Edward McCrorie is a poet and translator whose works include several collections of poems and an acclaimed translation of Virgil's Aeneid. He is also a professor of English at Providence College. Richard P. Martin is the Antony and Isabelle Raubitschek Professor of Classics at Stanford University and the author of several books, including The Language of Heroes: Speech and Performance in the Iliad and Myths of the Ancient Greeks.

Johns Hopkins University Press


We know very little about the author of The Odyssey and its companion tale, The Iliad. Most scholars agree that Homer was Greek; those who try to identify his origin on the basis of dialect forms in the poems tend to choose as his homeland either Smyrna, now the Turkish city known as Izmir, or Chios, an island in the eastern Aegean Sea.

According to legend, Homer was blind, though scholarly evidence can neither confirm nor contradict the point.

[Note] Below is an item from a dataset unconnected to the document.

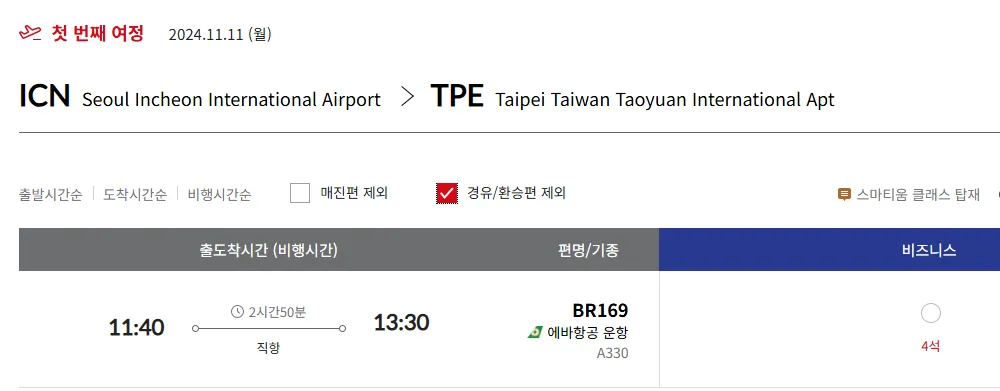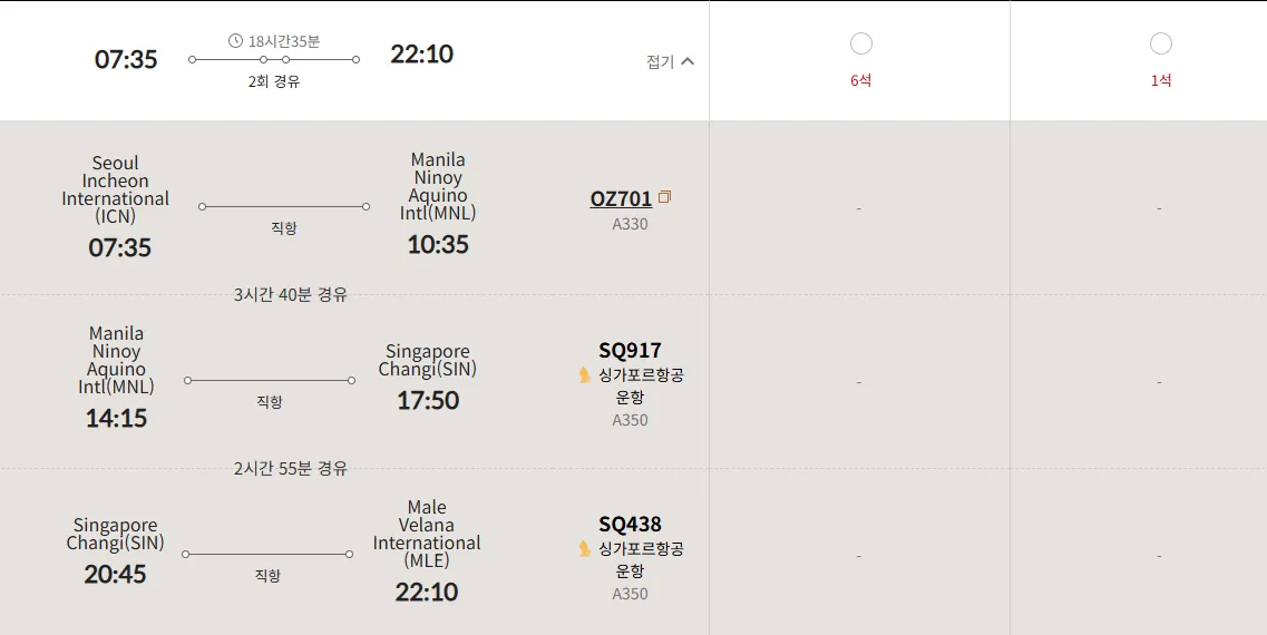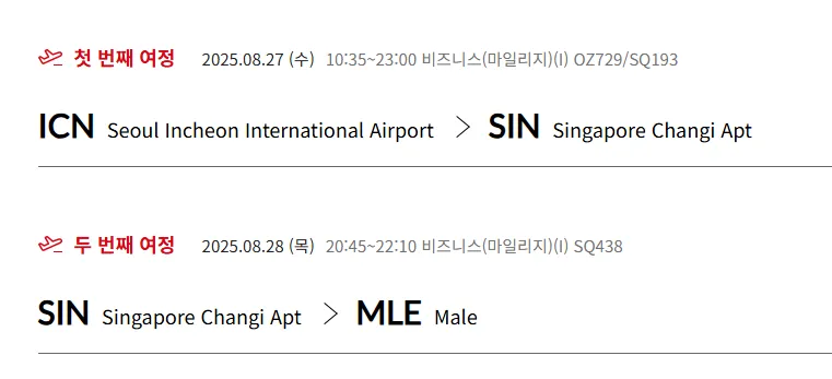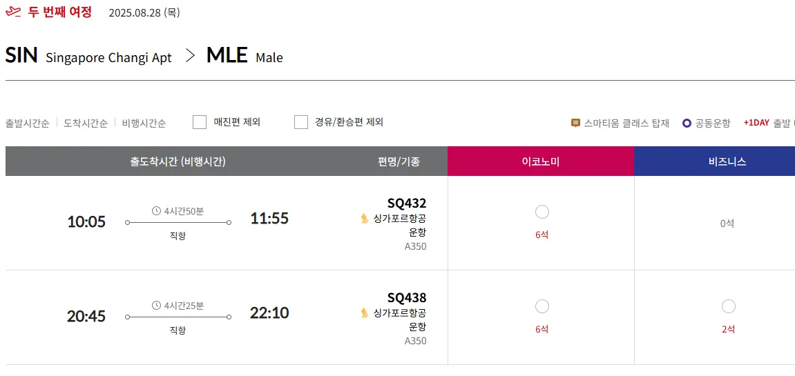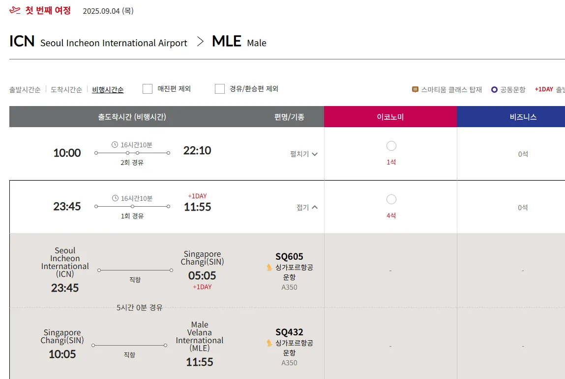 “ICN → SIN  → MLE” 구간을 비즈 좌석으로 예약하기 쉽지 않습니다.

The ongoing debate about who Homer was, when he lived, and even if he wrote The Odyssey and The Iliad is known as the "Homeric question." Classicists do agree that these tales of the fall of the city of Troy (Ilium) in the Trojan War (The Iliad) and the aftermath of that ten-year battle (The Odyssey) coincide with the ending of the Mycenaean period around 1200 BCE (a date that corresponds with the end of the Bronze Age throughout the Eastern Mediterranean). The Mycenaeans were a society of warriors and traders; beginning around 1600 BCE, they became a major power in the Mediterranean. Brilliant potters and architects, they also developed a system of writing known as Linear B, based on a syllabary, writing in which each symbol stands for a syllable.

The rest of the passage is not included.